[go: up one dir, main page]

Lompat ke isi

Perumpamaan pengampunan

Dari Wikipedia bahasa Indonesia, ensiklopedia bebas
"Perumpamaan pengampunan", karya John SC Abbott and Jacob Abbott, 1878

Perumpamaan pengampunan adalah sebuah perumpamaan yang diajarkan oleh Yesus Kristus kepada murid-muridnya. Kisah ini tercantum di dalam Matius 18:22-35 pada bagian Perjanjian Baru di Alkitab Kristen. Perumpamaan ini menceritakan tentang dosa, pengampunan, dan kasih. Yesus menceritakan perumpamaan ini untuk menjawab pertanyaan Petrus pada ayat ke-21:

Kemudian datanglah Petrus dan berkata kepada Yesus: "Tuhan, sampai berapa kali aku harus mengampuni saudaraku jika ia berbuat dosa terhadap aku? Sampai tujuh kali?" Yesus berkata kepadanya: "Bukan! Aku berkata kepadamu: Bukan sampai tujuh kali, melainkan sampai tujuh puluh kali tujuh kali.

kemudian Yesus meneruskan dengan sebuah perumpamaan yang kemudian dijelaskanNya.

Pengampunan

[sunting | sunting sumber]

Perumpamaan ini menceritakan tentang seorang hamba yang tidak mengenal belas kasihan. Suatu ketika seorang raja menagih hutang seorang hambanya sebanyak sepuluh ribu talenta (perak). Hamba tersebut tidak mampu melunasi hutangnya, maka sang raja memerintahkan supaya ia dijual beserta anak-isterinya dan segala miliknya untuk membayar hutangnya. Hamba tersebut memohon belas kasihan sang raja dan sang raja mengabulkannya dan menghapus hutangnya.

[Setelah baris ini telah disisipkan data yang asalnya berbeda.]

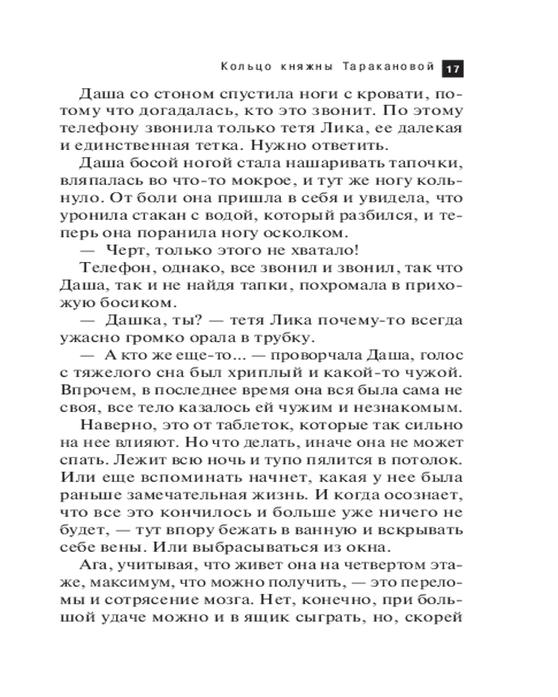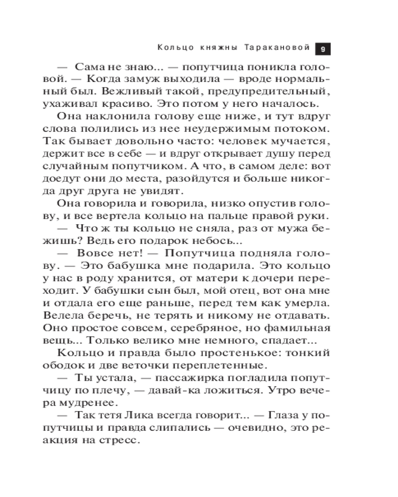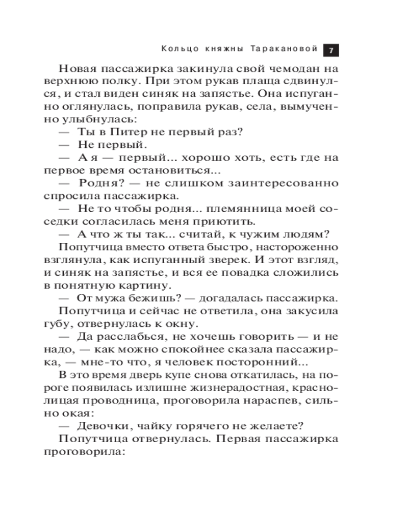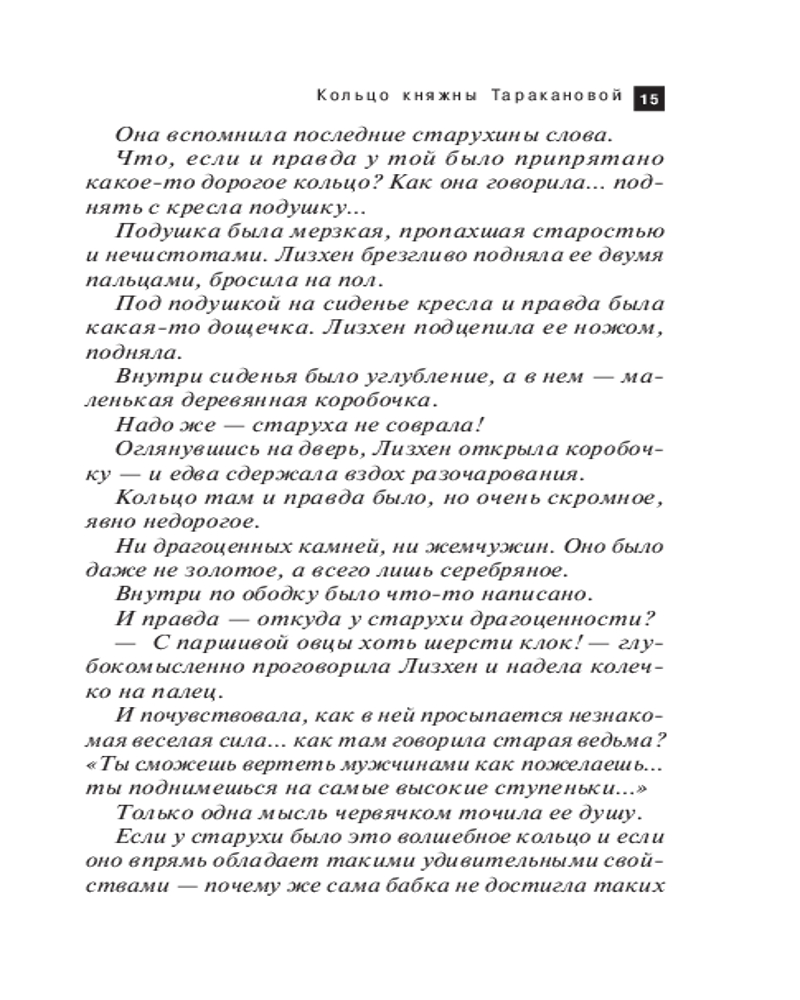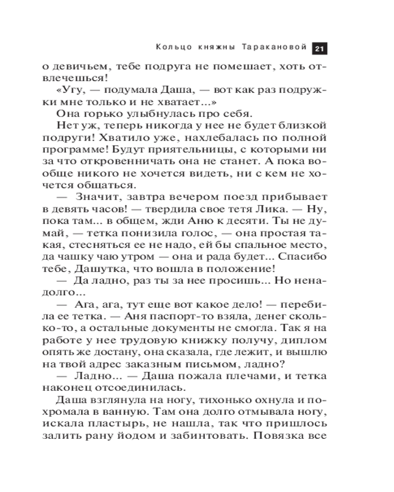 В данный момент этот товар отсутствует в продаже. Возможно, у нас найдется аналогичный или похожий товар  здесь. Серия: Артефакт & Детектив. Новое оформление (обложка) По легенде, у княжны Таракановой было необыкновенное кольцо, обладающее магическими силами. Оно могло влиять на характер своей владелицы... В наше время старинное кольцо попадает в руки робкой учительницы Ани, которая решается укрыться от жестокого мужа у Даши, племянницы ее доброжелательной соседки. Однако приезжает к Даше совсем не застенчивая девушка, а весьма смелая дама. И странности на этом не заканчиваются! Однажды Даша возвращается домой и находит в шкафу убитого Аниного мужа! А таинственной гостьи и след простыл. Кто убил мужа и что он делал в Дашиной квартире? Девушка отправляется на поиски и выясняет, что гостьей была вовсе не Аня, а выдававшая себя за нее незнакомка...  |

Setelah keluar, hamba tersebut bertemu dengan seorang hamba lain yang berhutang seratus dinar kepadanya. Ketika ia menangkap dan mencekik kawannya itu dan menagih hutangnya, maka kawan tersebut memohon belas kasihan karena ia tidak mampu melunasi hutangnya. Tidak hanya menolak mengampuni, tetapi hamba yang tidak mengenal belas kasihan ini menjebloskan kawannya ini ke penjara sampai hutangnya lunas.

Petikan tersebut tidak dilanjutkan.